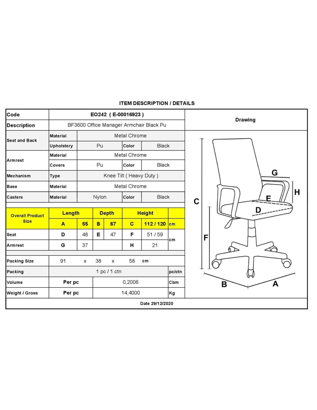 BF3600 Πολυθρόνα Διευθυντή Μέταλλο Βάση Χρώμιο, PU Μαύρο
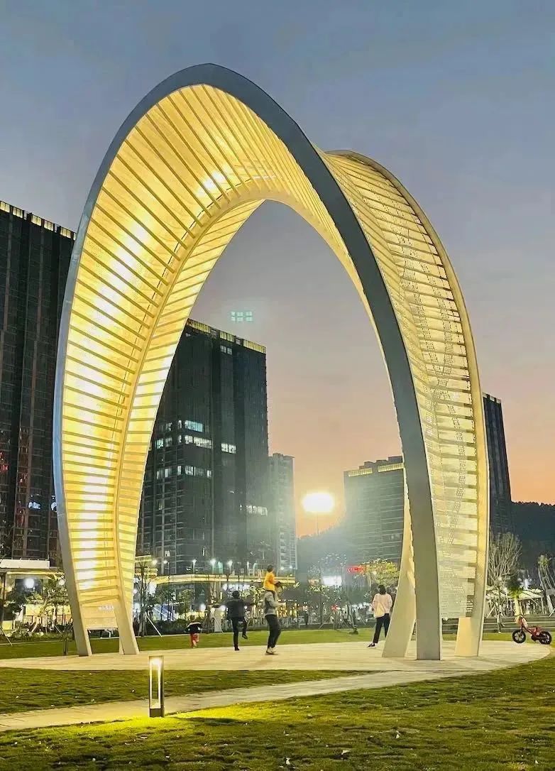炫酷的圆环露天舞台是绿轴公园标志建筑,四周环绕着风雨长廊,市民在露营时可饱览四面风光,感受“都市绿洲”的宁静惬意。
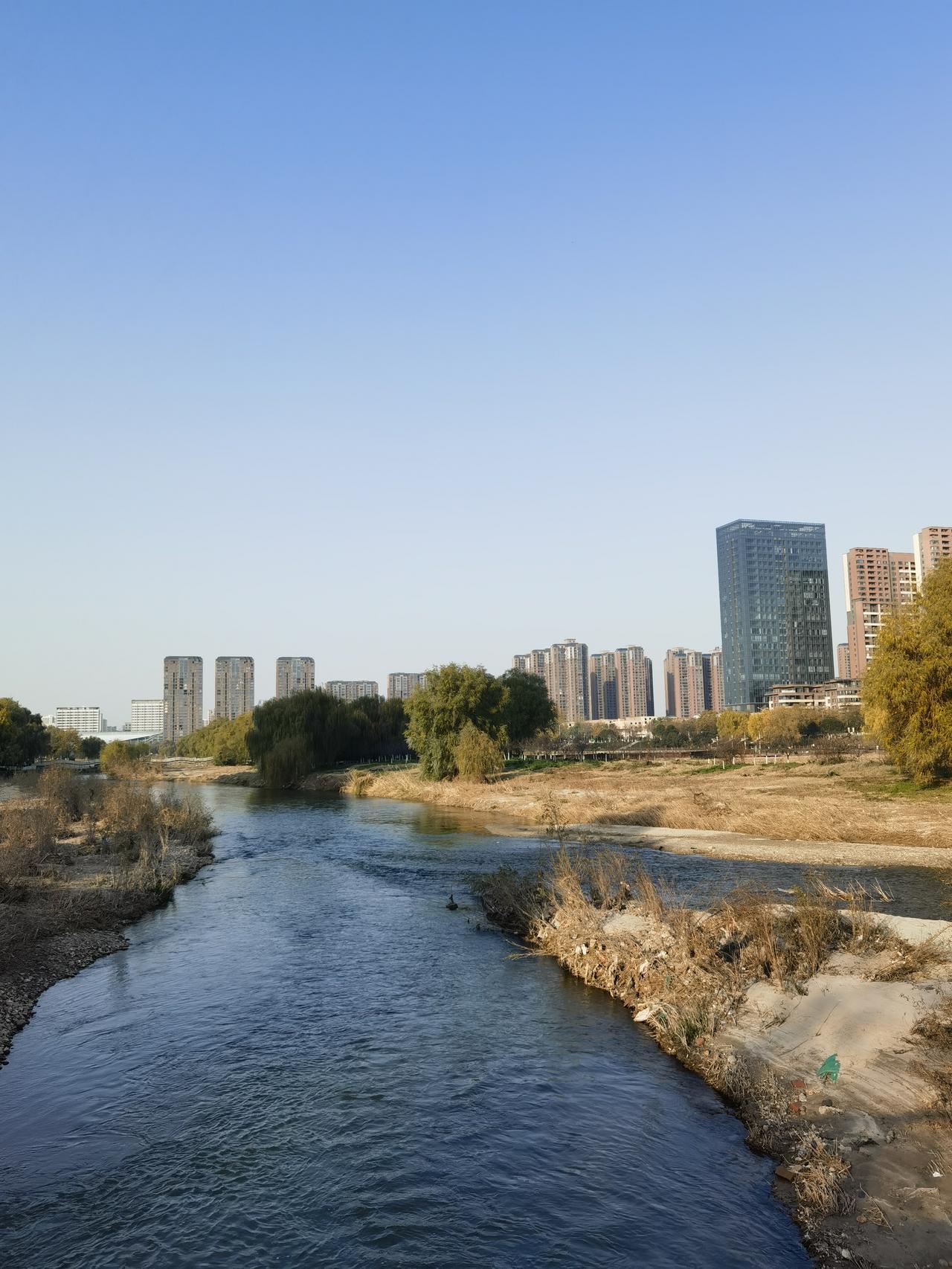 一张照片分享今日天气快看看你眼里的阳光下的浐河,河水不小

■ Task to carry out
Give the data again exactly as it appears, but without any images.

■ Result below
 BF3600 Πολυθρόνα Διευθυντή Μέταλλο Βάση Χρώμιο, PU Μαύρο
炫酷的圆环露天舞台是绿轴公园标志建筑,四周环绕着风雨长廊,市民在露营时可饱览四面风光,感受“都市绿洲”的宁静惬意。
 一张照片分享今日天气快看看你眼里的阳光下的浐河,河水不小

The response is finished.